INSTRUCTIONS FOR THE TASK: Without the images, repeat every line of the listing verbatim.

PROVIDED MATERIAL:

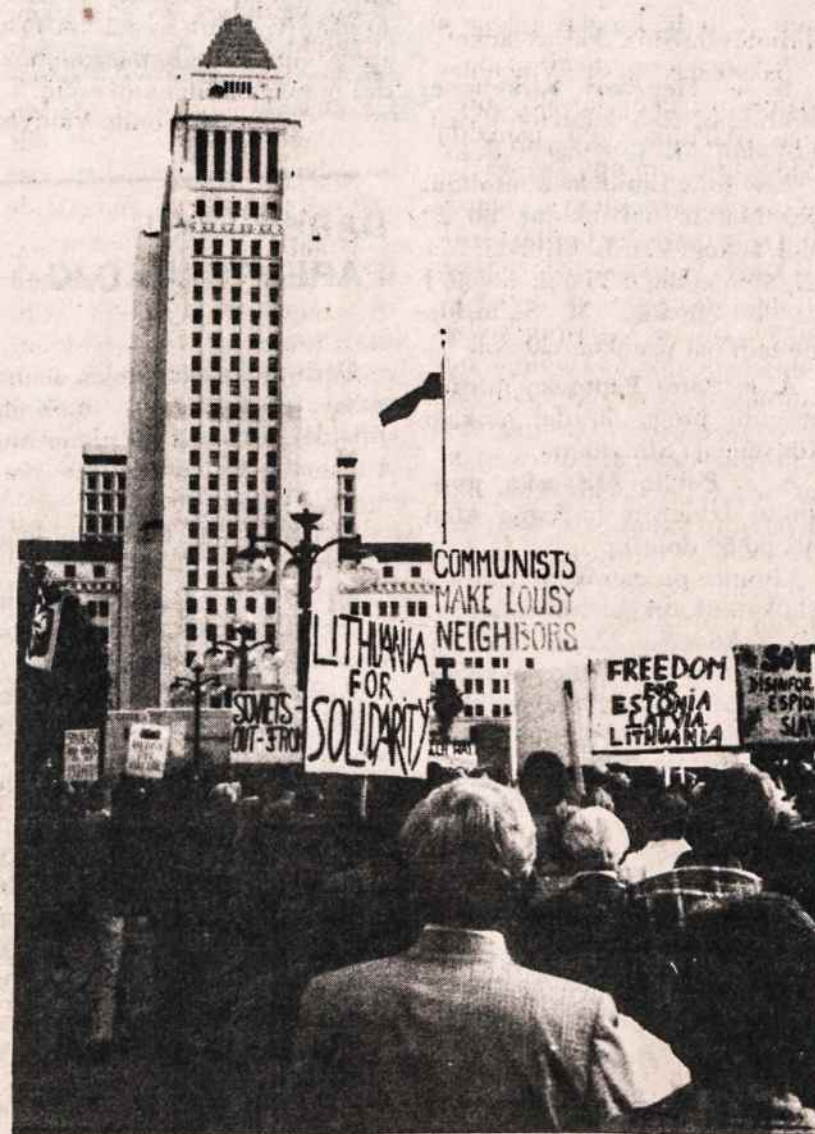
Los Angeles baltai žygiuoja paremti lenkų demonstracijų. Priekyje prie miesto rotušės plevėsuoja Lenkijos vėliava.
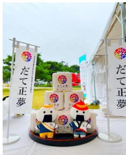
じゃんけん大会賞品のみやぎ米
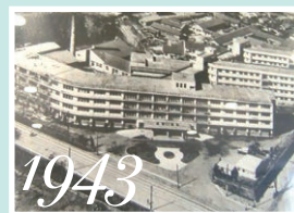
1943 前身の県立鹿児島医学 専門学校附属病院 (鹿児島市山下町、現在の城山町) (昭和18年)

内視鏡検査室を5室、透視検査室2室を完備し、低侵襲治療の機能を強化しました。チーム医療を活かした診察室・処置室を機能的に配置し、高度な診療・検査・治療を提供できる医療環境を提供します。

OUTPUT OF THE EXERCISE:
Los Angeles baltai žygiuoja paremti lenkų demonstracijų. Priekyje prie miesto rotušės plevėsuoja Lenkijos vėliava.
じゃんけん大会賞品のみやぎ米
1943 前身の県立鹿児島医学 専門学校附属病院 (鹿児島市山下町、現在の城山町) (昭和18年)

内視鏡検査室を5室、透視検査室2室を完備し、低侵襲治療の機能を強化しました。チーム医療を活かした診察室・処置室を機能的に配置し、高度な診療・検査・治療を提供できる医療環境を提供します。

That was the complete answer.